**What you will do:**
With images removed, return the whole listing exactly as written.

**Exercise material:**
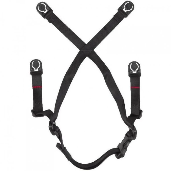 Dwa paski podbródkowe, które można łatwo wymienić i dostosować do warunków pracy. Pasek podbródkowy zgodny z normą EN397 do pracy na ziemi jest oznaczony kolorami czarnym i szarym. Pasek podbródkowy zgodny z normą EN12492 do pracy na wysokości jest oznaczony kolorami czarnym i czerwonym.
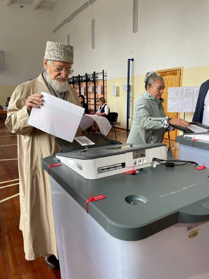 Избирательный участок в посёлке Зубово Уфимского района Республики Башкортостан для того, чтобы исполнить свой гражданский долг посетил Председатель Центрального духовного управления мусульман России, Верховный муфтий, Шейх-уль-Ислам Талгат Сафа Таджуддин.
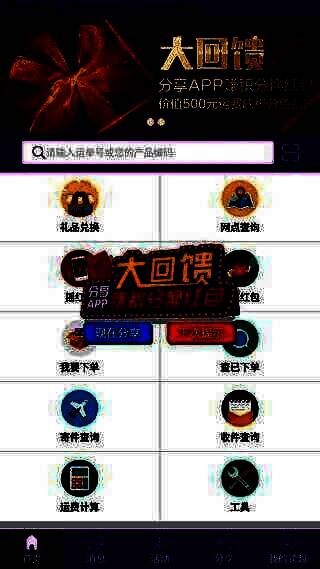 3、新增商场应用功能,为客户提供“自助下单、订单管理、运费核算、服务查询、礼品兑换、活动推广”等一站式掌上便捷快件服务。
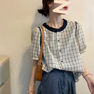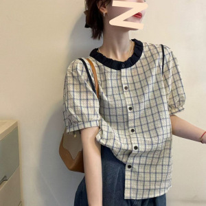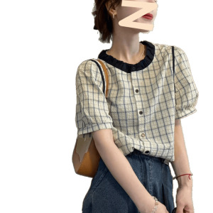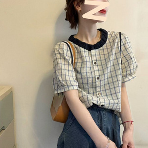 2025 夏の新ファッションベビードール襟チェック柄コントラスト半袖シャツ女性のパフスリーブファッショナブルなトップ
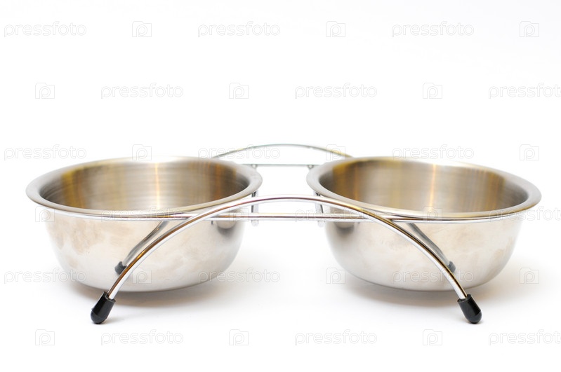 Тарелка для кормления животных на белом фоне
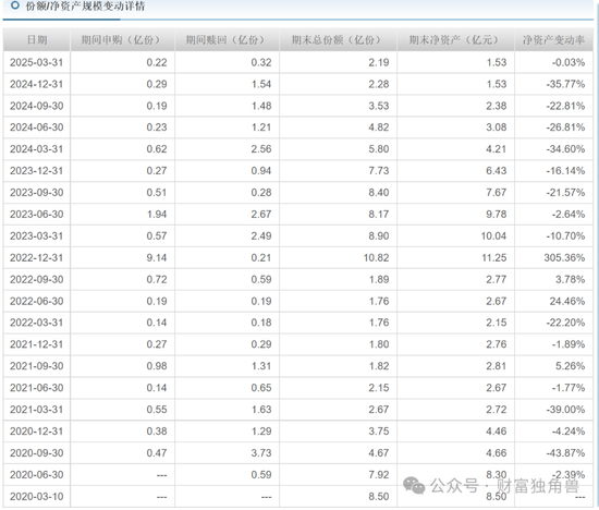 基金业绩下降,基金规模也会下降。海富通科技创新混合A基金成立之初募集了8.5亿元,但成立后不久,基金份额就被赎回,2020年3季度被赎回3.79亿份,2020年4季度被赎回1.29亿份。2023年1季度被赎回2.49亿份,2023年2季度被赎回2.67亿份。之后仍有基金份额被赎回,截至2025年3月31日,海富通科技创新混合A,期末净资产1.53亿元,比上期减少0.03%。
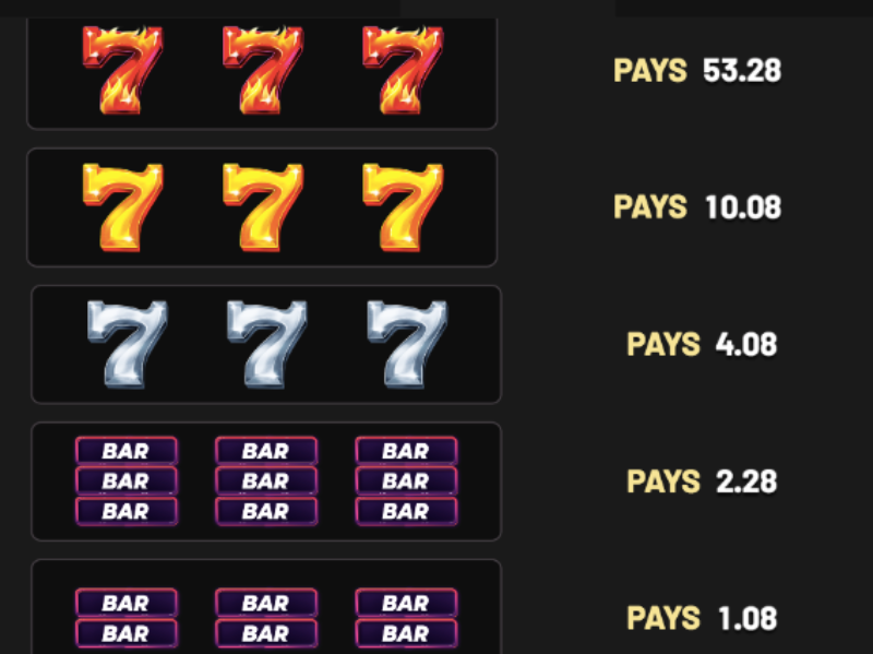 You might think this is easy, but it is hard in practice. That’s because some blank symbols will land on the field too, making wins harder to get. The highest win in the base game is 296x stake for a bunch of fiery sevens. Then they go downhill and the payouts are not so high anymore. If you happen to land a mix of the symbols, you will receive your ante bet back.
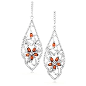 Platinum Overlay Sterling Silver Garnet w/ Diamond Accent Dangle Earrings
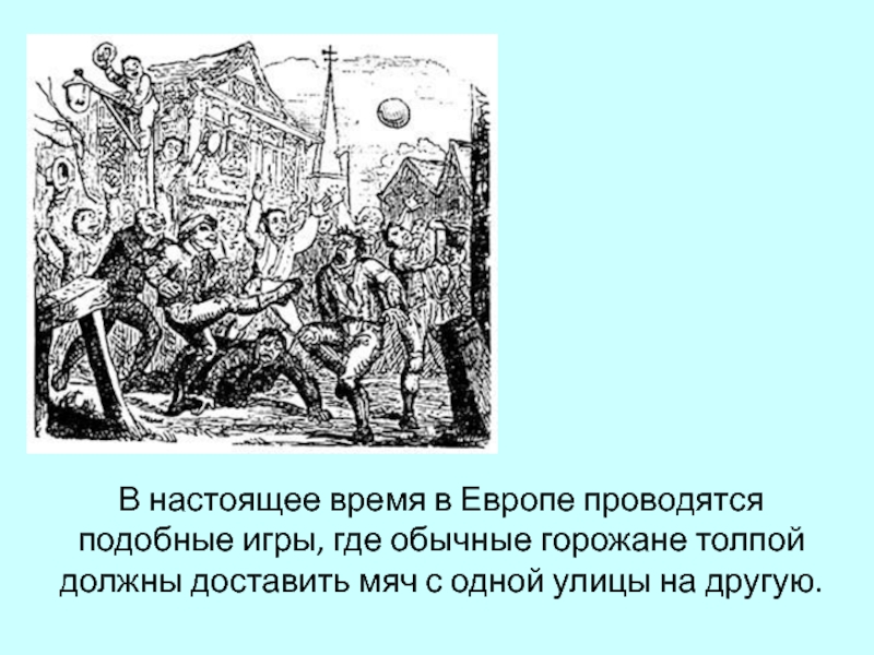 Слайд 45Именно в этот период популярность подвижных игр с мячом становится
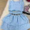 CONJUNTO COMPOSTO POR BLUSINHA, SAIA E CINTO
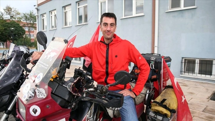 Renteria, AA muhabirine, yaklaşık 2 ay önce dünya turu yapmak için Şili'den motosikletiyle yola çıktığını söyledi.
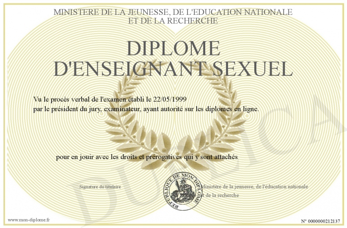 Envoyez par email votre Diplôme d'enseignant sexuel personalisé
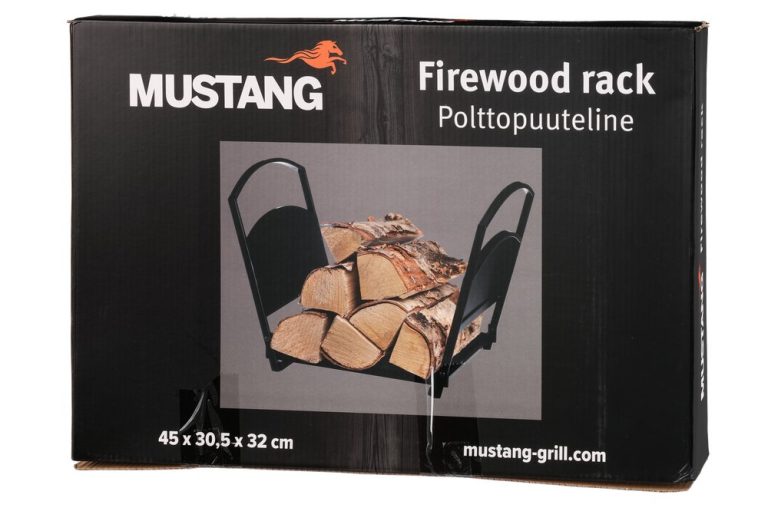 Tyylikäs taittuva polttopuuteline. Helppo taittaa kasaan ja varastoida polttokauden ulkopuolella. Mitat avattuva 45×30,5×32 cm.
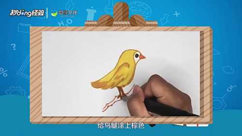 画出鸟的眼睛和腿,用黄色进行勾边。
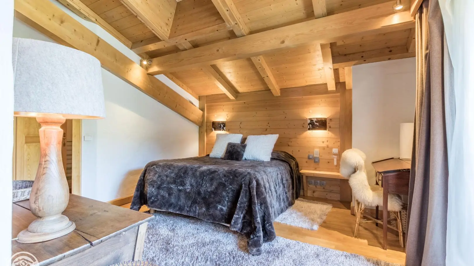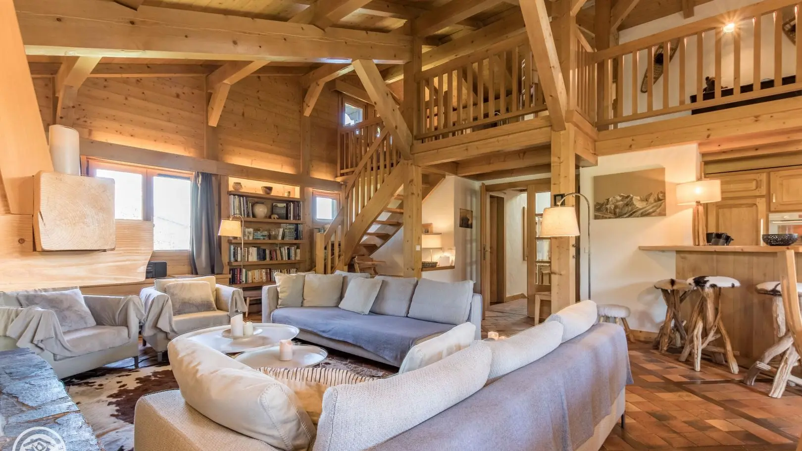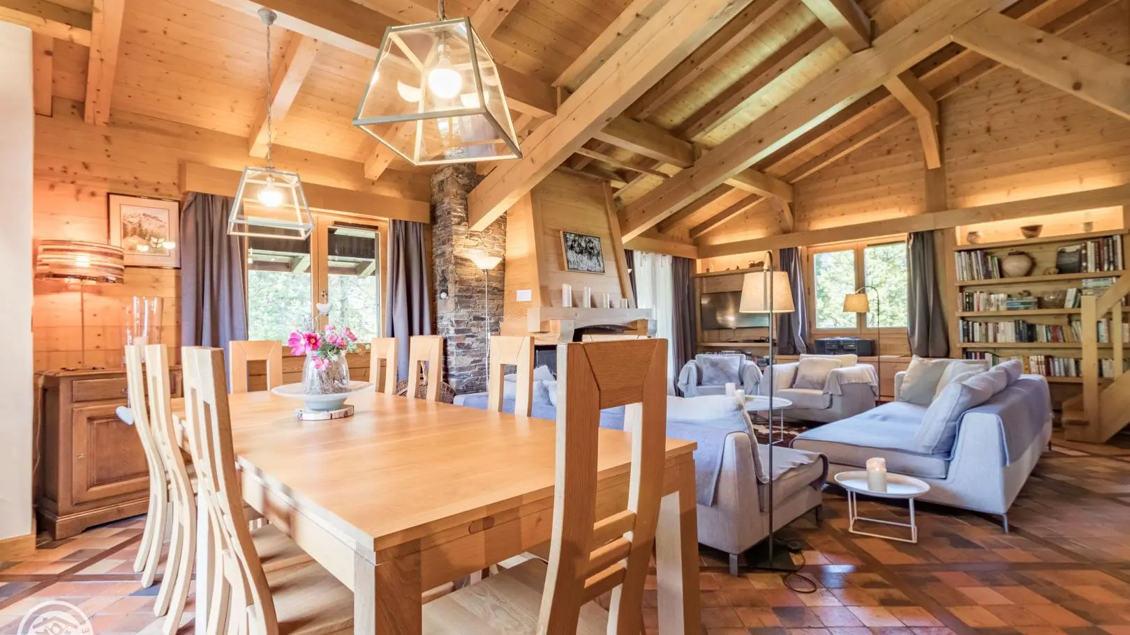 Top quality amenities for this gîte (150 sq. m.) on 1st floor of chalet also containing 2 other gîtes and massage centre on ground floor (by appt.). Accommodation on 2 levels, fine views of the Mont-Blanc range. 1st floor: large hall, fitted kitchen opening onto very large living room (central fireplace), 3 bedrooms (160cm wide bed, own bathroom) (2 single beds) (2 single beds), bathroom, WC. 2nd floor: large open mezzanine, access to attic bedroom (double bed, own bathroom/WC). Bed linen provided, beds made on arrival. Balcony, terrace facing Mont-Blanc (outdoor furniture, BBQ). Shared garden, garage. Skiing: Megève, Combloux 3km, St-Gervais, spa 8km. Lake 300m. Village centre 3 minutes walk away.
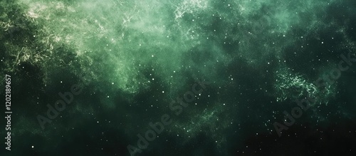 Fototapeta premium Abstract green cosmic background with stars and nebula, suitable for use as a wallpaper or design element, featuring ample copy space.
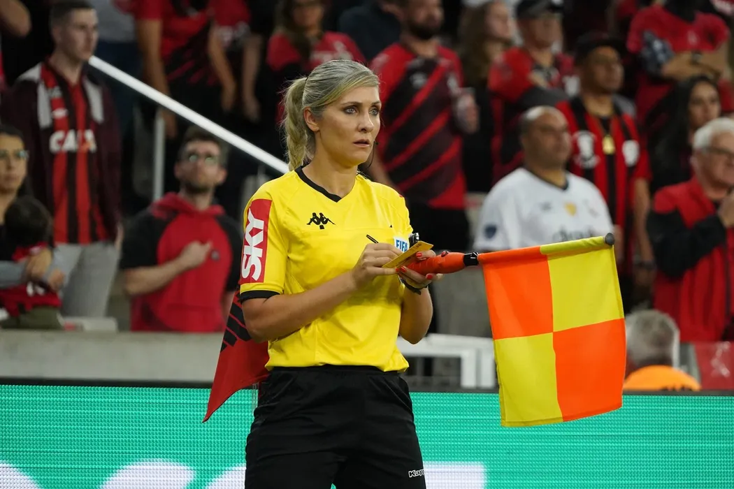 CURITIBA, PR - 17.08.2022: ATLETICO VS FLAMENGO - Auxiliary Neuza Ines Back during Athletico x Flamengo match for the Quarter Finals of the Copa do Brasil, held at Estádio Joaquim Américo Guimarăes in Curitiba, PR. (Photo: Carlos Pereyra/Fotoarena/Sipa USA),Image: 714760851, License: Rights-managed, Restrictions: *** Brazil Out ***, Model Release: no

**Solution:**
 Dwa paski podbródkowe, które można łatwo wymienić i dostosować do warunków pracy. Pasek podbródkowy zgodny z normą EN397 do pracy na ziemi jest oznaczony kolorami czarnym i szarym. Pasek podbródkowy zgodny z normą EN12492 do pracy na wysokości jest oznaczony kolorami czarnym i czerwonym.
 Избирательный участок в посёлке Зубово Уфимского района Республики Башкортостан для того, чтобы исполнить свой гражданский долг посетил Председатель Центрального духовного управления мусульман России, Верховный муфтий, Шейх-уль-Ислам Талгат Сафа Таджуддин.
 3、新增商场应用功能,为客户提供“自助下单、订单管理、运费核算、服务查询、礼品兑换、活动推广”等一站式掌上便捷快件服务。
 2025 夏の新ファッションベビードール襟チェック柄コントラスト半袖シャツ女性のパフスリーブファッショナブルなトップ
 Тарелка для кормления животных на белом фоне
 基金业绩下降,基金规模也会下降。海富通科技创新混合A基金成立之初募集了8.5亿元,但成立后不久,基金份额就被赎回,2020年3季度被赎回3.79亿份,2020年4季度被赎回1.29亿份。2023年1季度被赎回2.49亿份,2023年2季度被赎回2.67亿份。之后仍有基金份额被赎回,截至2025年3月31日,海富通科技创新混合A,期末净资产1.53亿元,比上期减少0.03%。
 You might think this is easy, but it is hard in practice. That’s because some blank symbols will land on the field too, making wins harder to get. The highest win in the base game is 296x stake for a bunch of fiery sevens. Then they go downhill and the payouts are not so high anymore. If you happen to land a mix of the symbols, you will receive your ante bet back.
 Platinum Overlay Sterling Silver Garnet w/ Diamond Accent Dangle Earrings
 Слайд 45Именно в этот период популярность подвижных игр с мячом становится
 CONJUNTO COMPOSTO POR BLUSINHA, SAIA E CINTO
 Renteria, AA muhabirine, yaklaşık 2 ay önce dünya turu yapmak için Şili'den motosikletiyle yola çıktığını söyledi.
 Envoyez par email votre Diplôme d'enseignant sexuel personalisé
 Tyylikäs taittuva polttopuuteline. Helppo taittaa kasaan ja varastoida polttokauden ulkopuolella. Mitat avattuva 45×30,5×32 cm.
 画出鸟的眼睛和腿,用黄色进行勾边。
 Top quality amenities for this gîte (150 sq. m.) on 1st floor of chalet also containing 2 other gîtes and massage centre on ground floor (by appt.). Accommodation on 2 levels, fine views of the Mont-Blanc range. 1st floor: large hall, fitted kitchen opening onto very large living room (central fireplace), 3 bedrooms (160cm wide bed, own bathroom) (2 single beds) (2 single beds), bathroom, WC. 2nd floor: large open mezzanine, access to attic bedroom (double bed, own bathroom/WC). Bed linen provided, beds made on arrival. Balcony, terrace facing Mont-Blanc (outdoor furniture, BBQ). Shared garden, garage. Skiing: Megève, Combloux 3km, St-Gervais, spa 8km. Lake 300m. Village centre 3 minutes walk away.
 Fototapeta premium Abstract green cosmic background with stars and nebula, suitable for use as a wallpaper or design element, featuring ample copy space.
 CURITIBA, PR - 17.08.2022: ATLETICO VS FLAMENGO - Auxiliary Neuza Ines Back during Athletico x Flamengo match for the Quarter Finals of the Copa do Brasil, held at Estádio Joaquim Américo Guimarăes in Curitiba, PR. (Photo: Carlos Pereyra/Fotoarena/Sipa USA),Image: 714760851, License: Rights-managed, Restrictions: *** Brazil Out ***, Model Release: no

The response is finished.